I used to be a member of Mensa and the International Society for Philosophical Enquiry which have entry requirements of 150 & around 172 respectively on the Cattell scale I think. I had no interest in either as I joined when I was 16 and was more interested in computer games, cars, girls, watching cartoons etc rather than meeting at a local pub to discuss highbrow stuff or trying to put the world to rights (I was too young for the pub at that point anyway)
All I ended up with was a big collection of Mensa magazines and invites to IPSE AGM's. I was only in IPSE for a year because your membership was based on how much you got involved.
I took a couple of IQ tests and scored 174 when I was 16 on the Cattell and 181 on Stanford Binet when I was 19.

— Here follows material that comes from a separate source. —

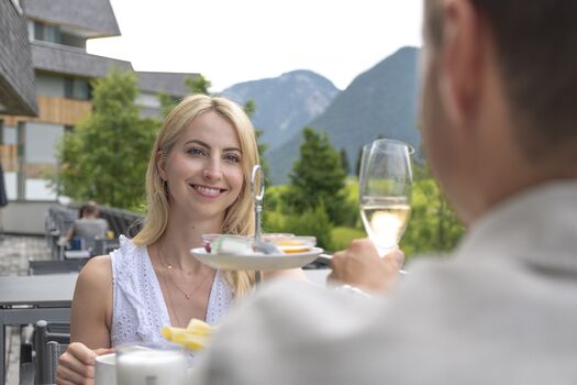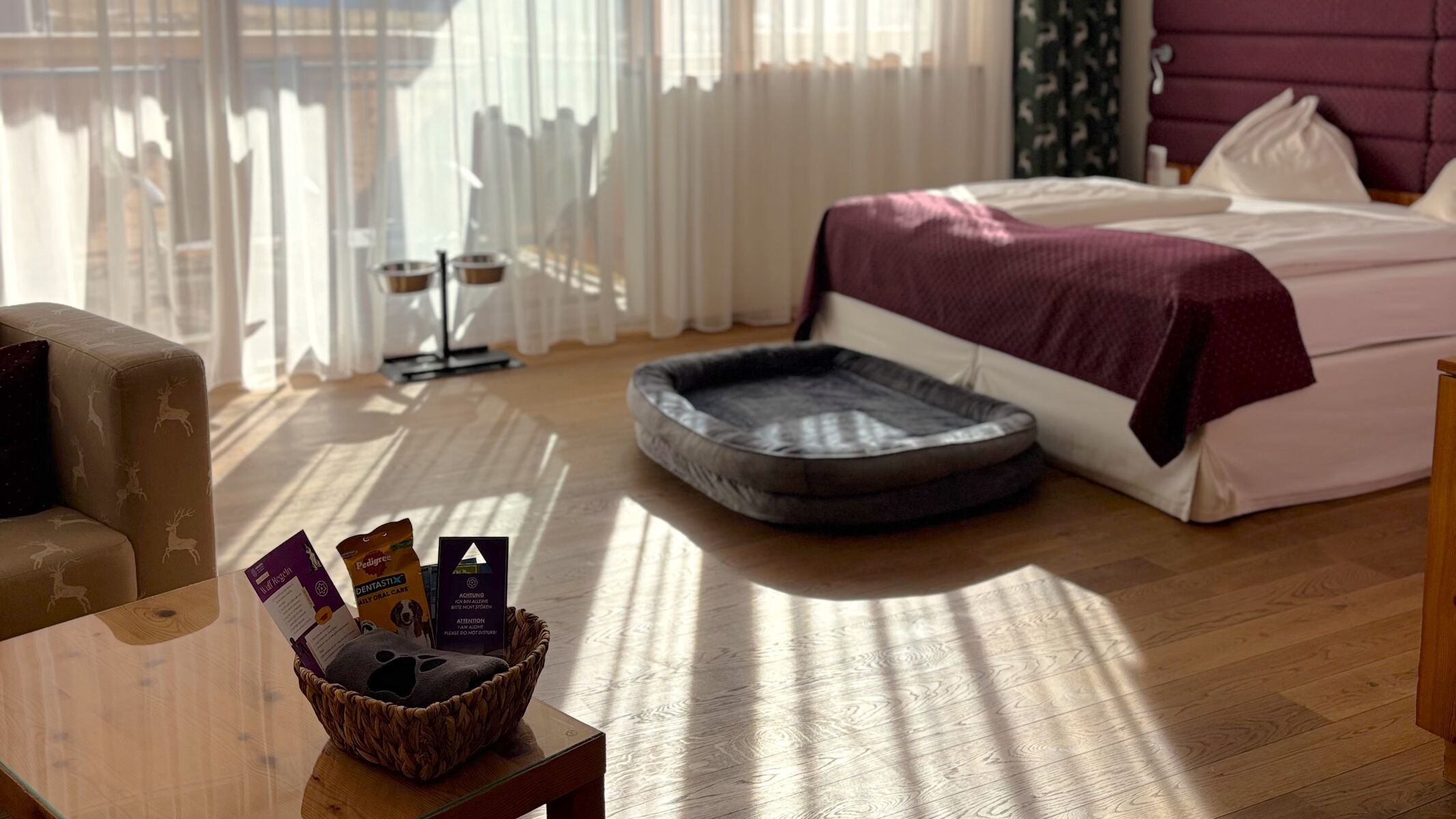 Von der Terrasse der Suite gelangt man in den umzäunten Garten, der direkt an Spazierwege angrenzt. Weiters gibt es eine Panoramaterrasse im Narzissen Restaurant (Hunde erlaubt) und drei Außenbecken für Frauchen & Herrchen. (Hunde nicht erlaubt).

On the flip side I have no common sense whatever, I can be very shy and can only be the witty, gregarious guy some people know when I invent myself a character to be and live inside it until it becomes impossible to carry on the pretense (sociopathic tendencies maybe?). I can sometimes come across as arrogant and have never had a proper relationship or held onto a job for any period of time without quitting out of boredom or frustration. I am seeing a psychiatrist and am on anti-depressants.
I am a greater part stupid than clever and my life has been more failure than triumph. I either wish I could have been an ordinary kid or had more encouragement to fulfill the potential I maybe had rather than devoting all my energies to 12 dudes in Brooklyn.
Sorry for jabbering on, I'm a bit drunk on Glayva hic!